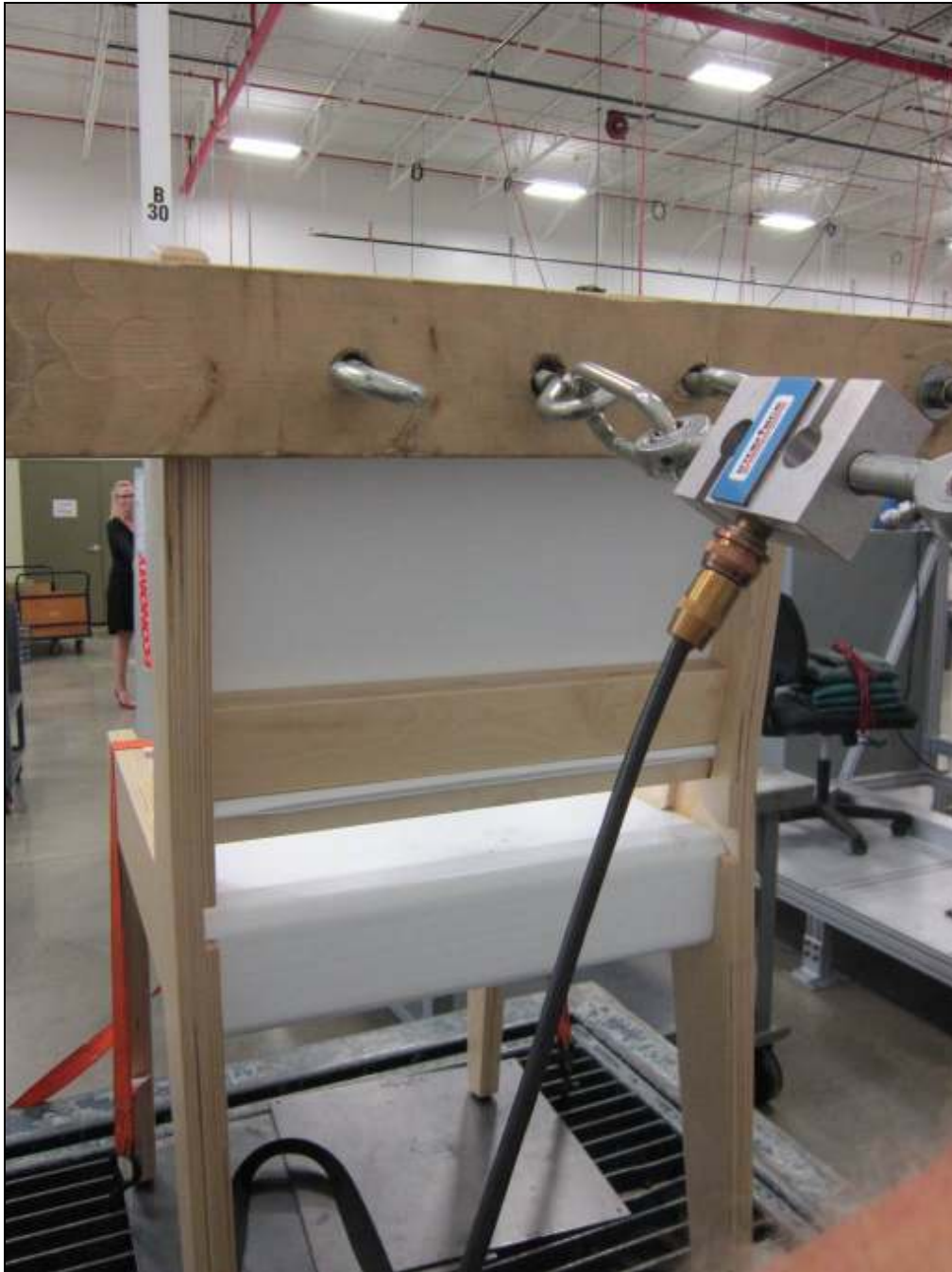
BACK STRENGTH PROCEDURE - STATIC
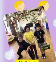
Mythical Cheese Rapper
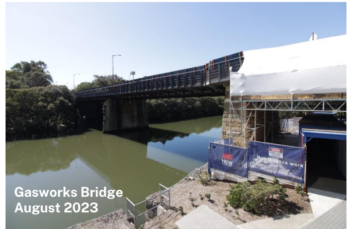
Gasworks Bridge August 2023

The northbound lane of Macarthur Street over Gasworks Bridge will be closed from 8pm, Friday 25 August and will reopen to traffic once the project is complete.
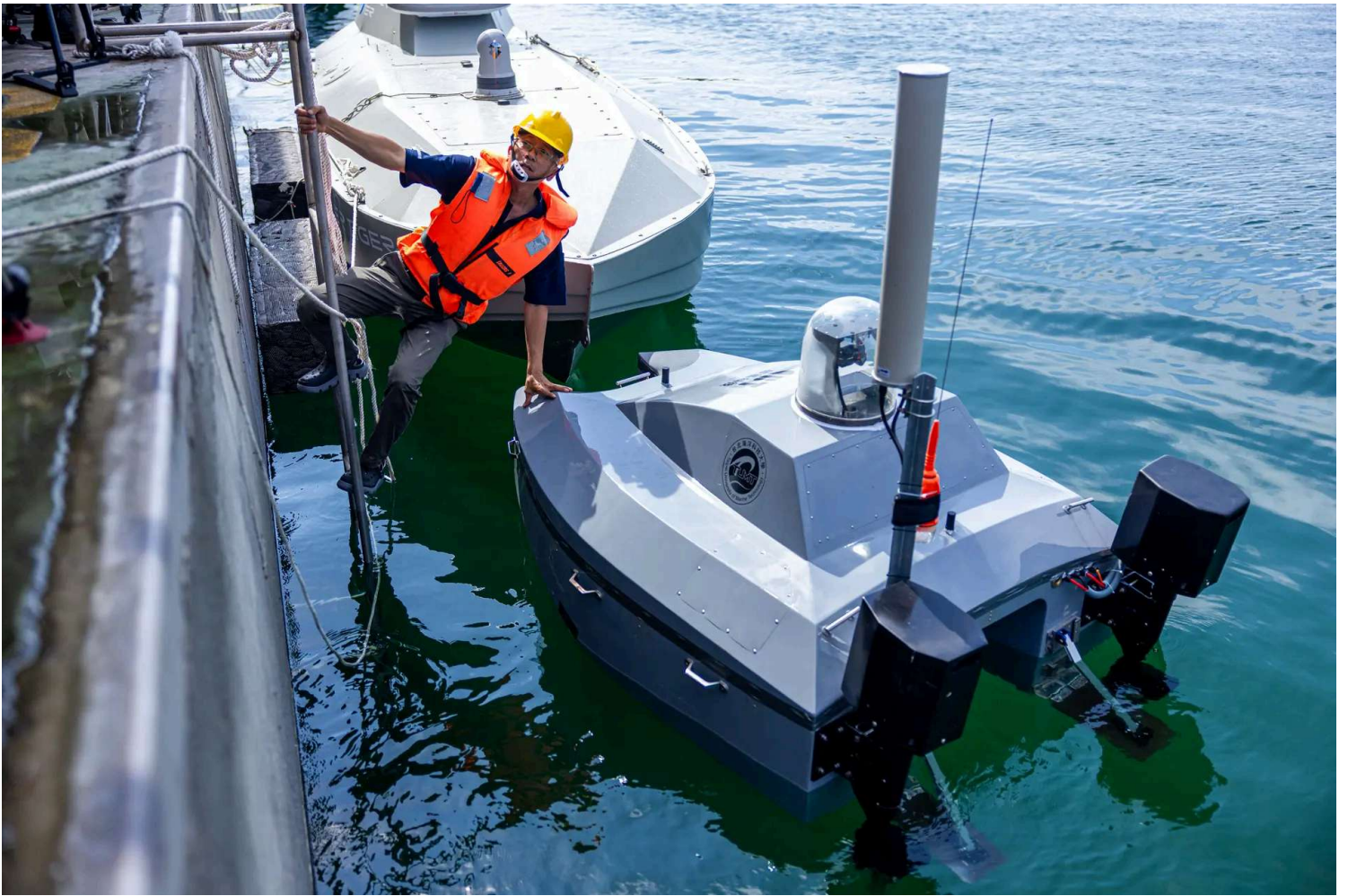
The technical personnel of Carbon-Based Technology Inc. casts off the Unmanned Surface Vessel, Carbon Voyager I, before the demonstration during a media tour in Yilan, Taiwan, on June 17, 2025. The Taiwan government is ramping up cooperation with democratic partners on drone technology.
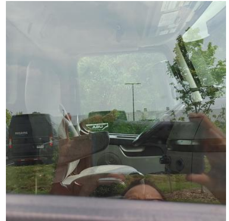
Passenger Side Interior Full View
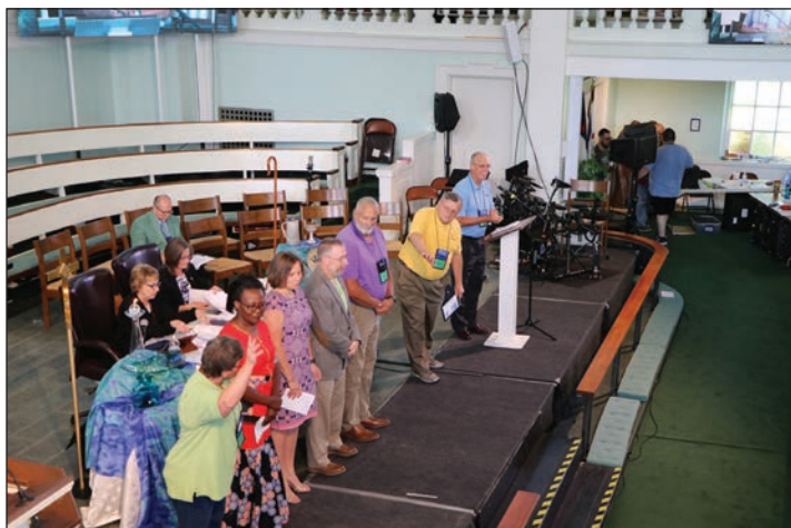
Members of the Conference Disaster Recovery team.
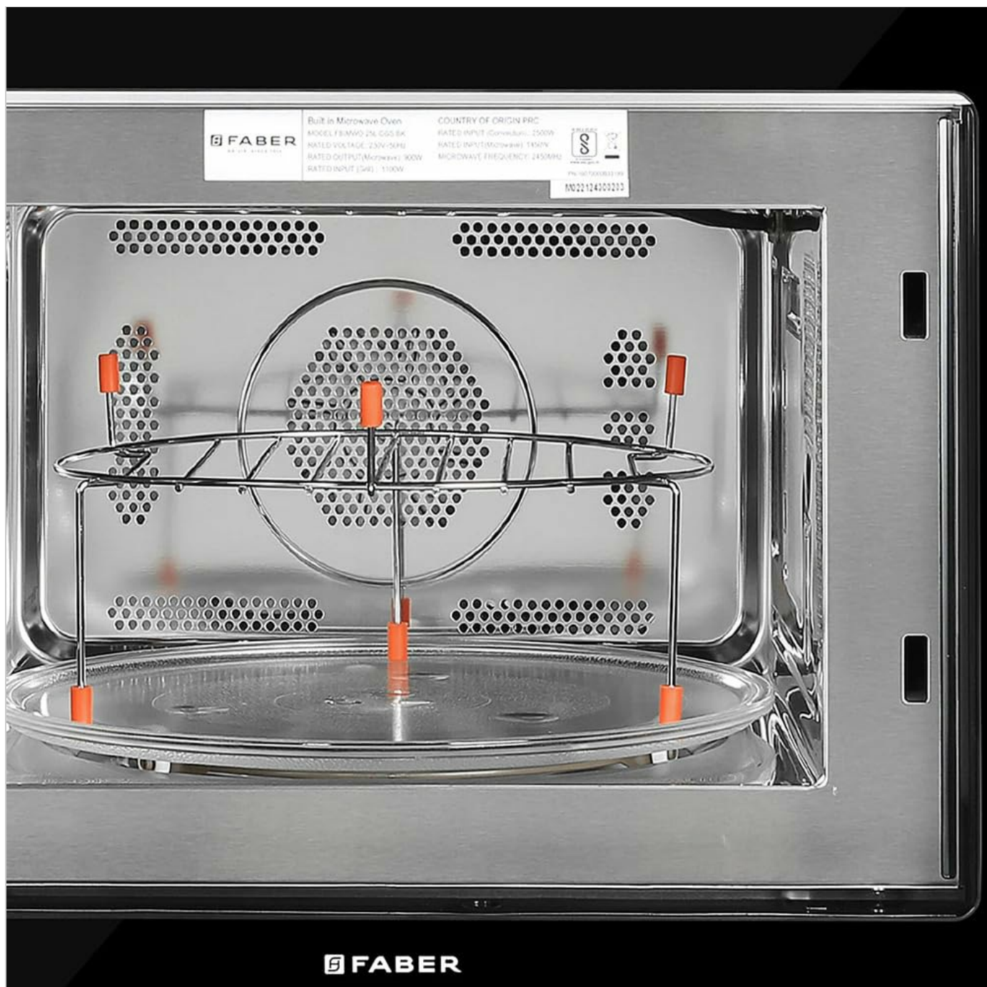
Figure 5.1: Oven interior with the grill rack in place, suitable for grilling functions.
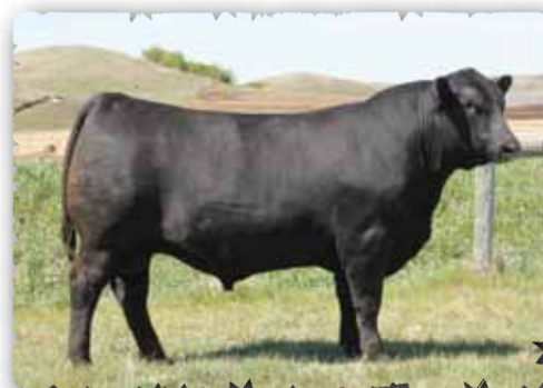
QLC PHANTOM W063

>Dam is a beautiful wedge shaped Proof daughter.
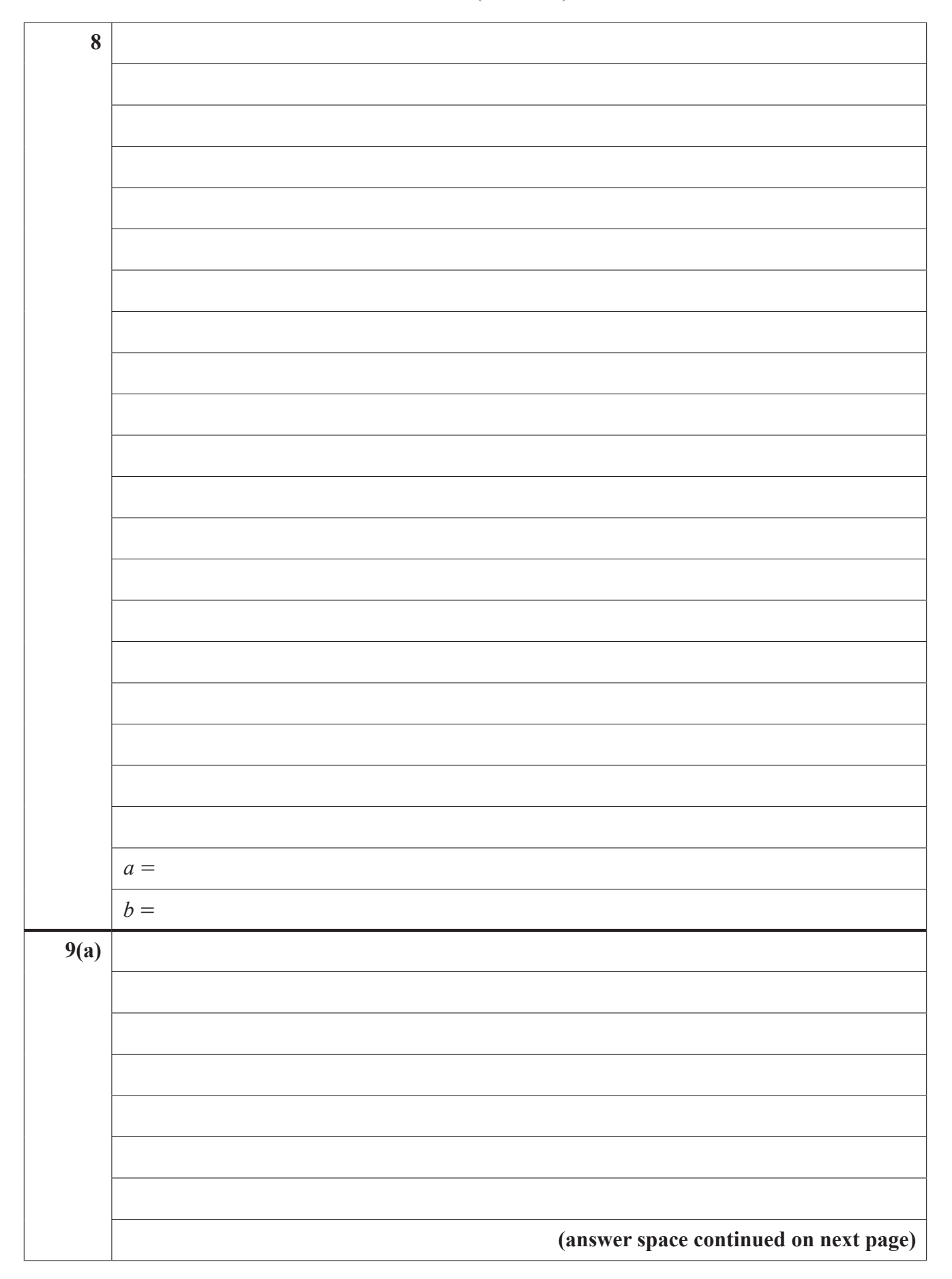
Section B (77 marks)
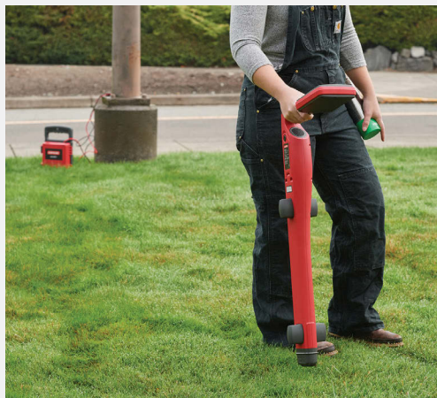
Trace an individual utility by connecting the transmitter directly with the test leads
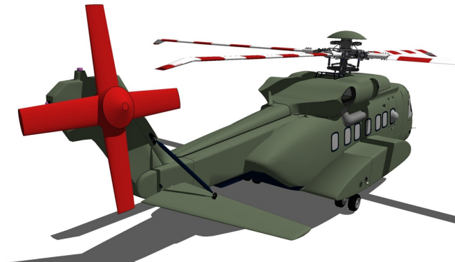
Sikorsky S-92 Tail Rotor Blade and Hub Covers
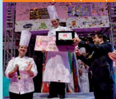
JUNIORES / QUEEN Italian Pastry Championship

▸ **What this task involves**:
When you reach an image, pass over it, and retype all other material exactly.

▸ **Output of the exercise**:
BACK STRENGTH PROCEDURE - STATIC
Mythical Cheese Rapper
Gasworks Bridge August 2023

The northbound lane of Macarthur Street over Gasworks Bridge will be closed from 8pm, Friday 25 August and will reopen to traffic once the project is complete.
The technical personnel of Carbon-Based Technology Inc. casts off the Unmanned Surface Vessel, Carbon Voyager I, before the demonstration during a media tour in Yilan, Taiwan, on June 17, 2025. The Taiwan government is ramping up cooperation with democratic partners on drone technology.
Passenger Side Interior Full View
Members of the Conference Disaster Recovery team.
Figure 5.1: Oven interior with the grill rack in place, suitable for grilling functions.
QLC PHANTOM W063

>Dam is a beautiful wedge shaped Proof daughter.
Section B (77 marks)
Trace an individual utility by connecting the transmitter directly with the test leads
Sikorsky S-92 Tail Rotor Blade and Hub Covers
JUNIORES / QUEEN Italian Pastry Championship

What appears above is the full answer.